• **EXERCISE DIRECTIONS**
What's needed is an exact retyping of the lines from the start of the listing up to and including the line with "WE HAD TRUNK", minus any pictures.
START MATERIAL PROVIDED
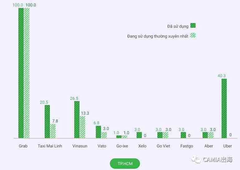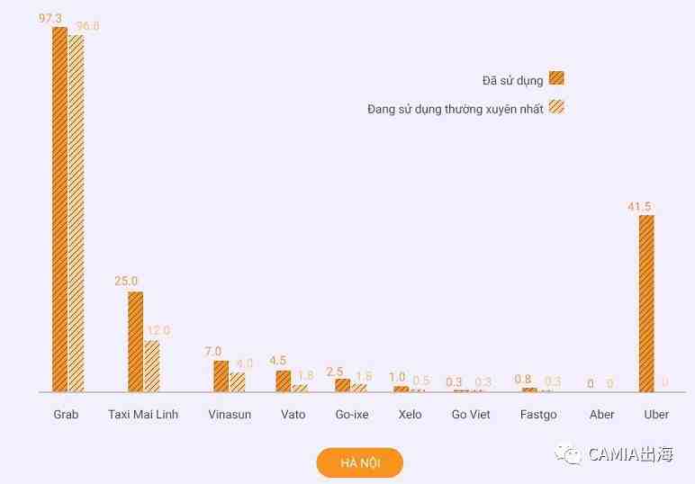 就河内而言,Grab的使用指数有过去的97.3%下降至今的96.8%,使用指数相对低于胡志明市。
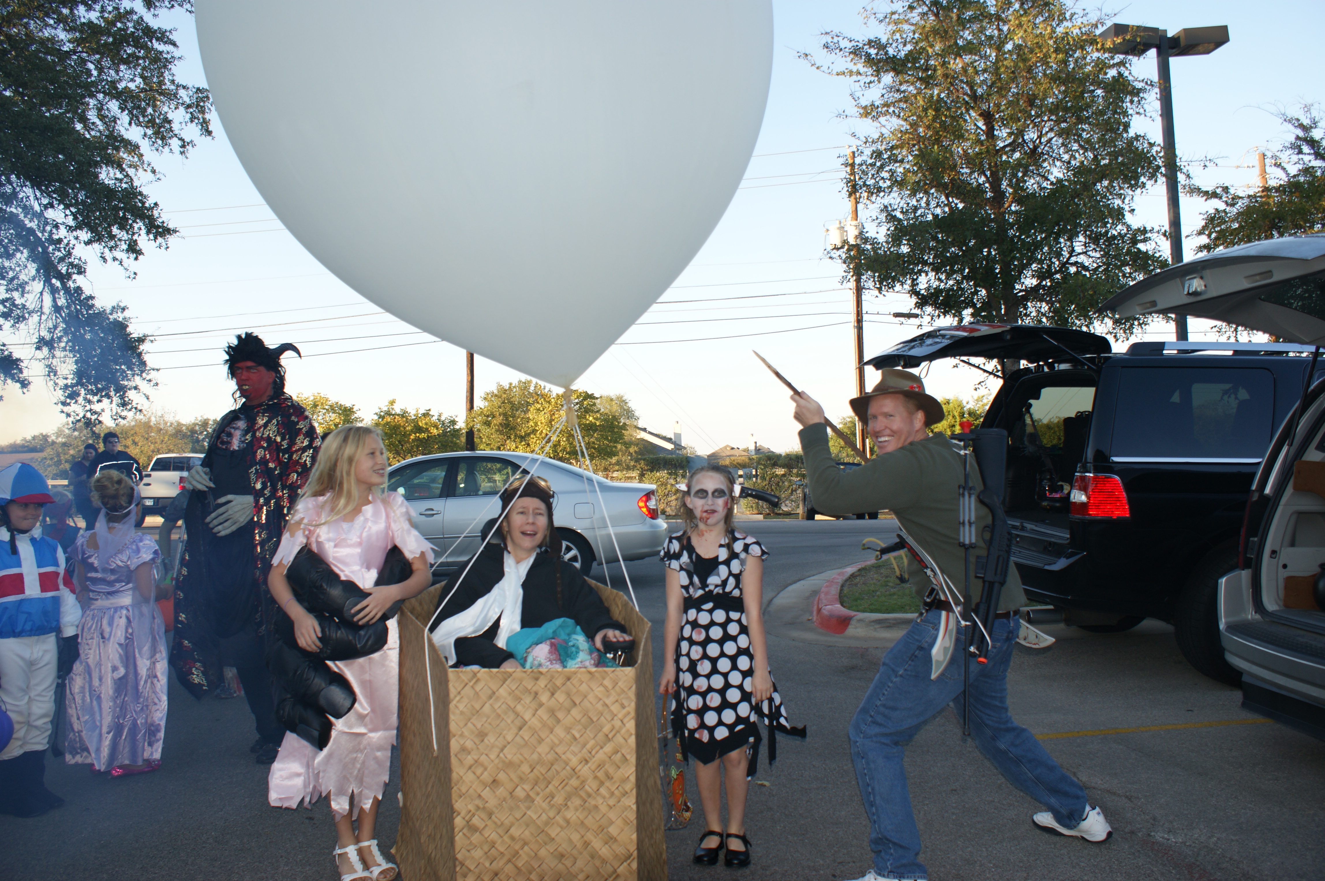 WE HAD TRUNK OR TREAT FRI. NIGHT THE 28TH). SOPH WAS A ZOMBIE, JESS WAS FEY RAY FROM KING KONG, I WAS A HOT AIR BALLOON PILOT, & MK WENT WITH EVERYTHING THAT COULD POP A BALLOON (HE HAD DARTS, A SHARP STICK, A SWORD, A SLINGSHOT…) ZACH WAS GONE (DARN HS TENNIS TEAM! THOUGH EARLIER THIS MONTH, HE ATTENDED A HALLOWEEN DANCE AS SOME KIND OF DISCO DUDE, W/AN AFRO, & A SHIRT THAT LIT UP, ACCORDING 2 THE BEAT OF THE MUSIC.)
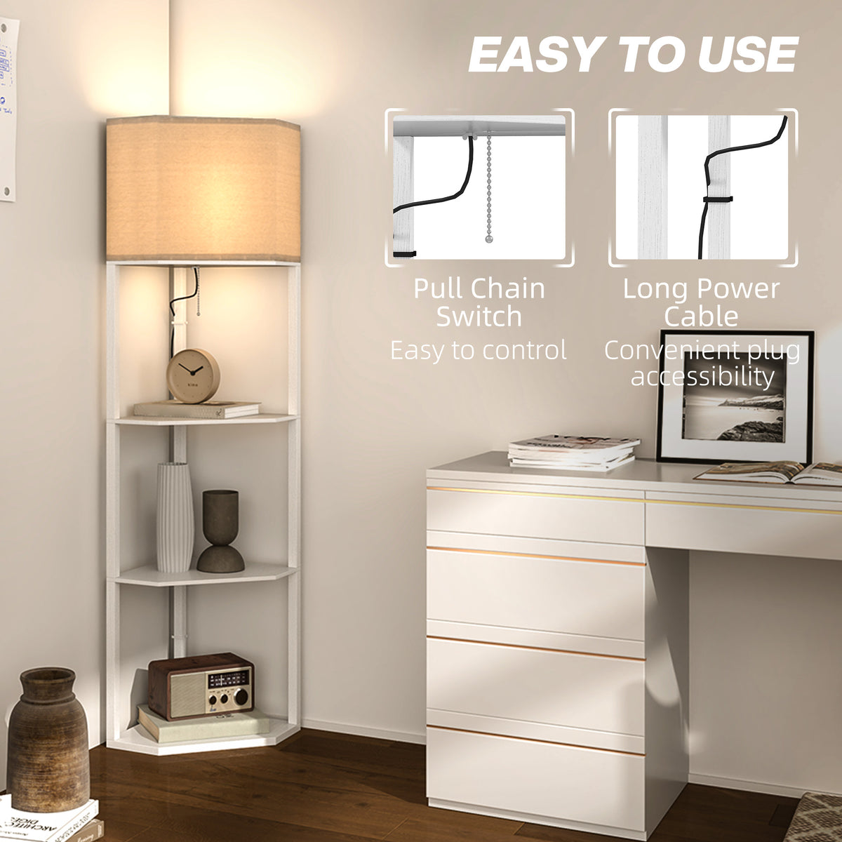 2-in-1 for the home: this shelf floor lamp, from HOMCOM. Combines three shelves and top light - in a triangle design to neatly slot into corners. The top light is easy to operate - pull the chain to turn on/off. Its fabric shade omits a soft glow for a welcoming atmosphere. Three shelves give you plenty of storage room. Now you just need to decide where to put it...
END MATERIAL PROVIDED
• **EXERCISE RESULT**
 就河内而言,Grab的使用指数有过去的97.3%下降至今的96.8%,使用指数相对低于胡志明市。
 WE HAD TRUNK OR TREAT FRI. NIGHT THE 28TH). SOPH WAS A ZOMBIE, JESS WAS FEY RAY FROM KING KONG, I WAS A HOT AIR BALLOON PILOT, & MK WENT WITH EVERYTHING THAT COULD POP A BALLOON (HE HAD DARTS, A SHARP STICK, A SWORD, A SLINGSHOT…) ZACH WAS GONE (DARN HS TENNIS TEAM! THOUGH EARLIER THIS MONTH, HE ATTENDED A HALLOWEEN DANCE AS SOME KIND OF DISCO DUDE, W/AN AFRO, & A SHIRT THAT LIT UP, ACCORDING 2 THE BEAT OF THE MUSIC.)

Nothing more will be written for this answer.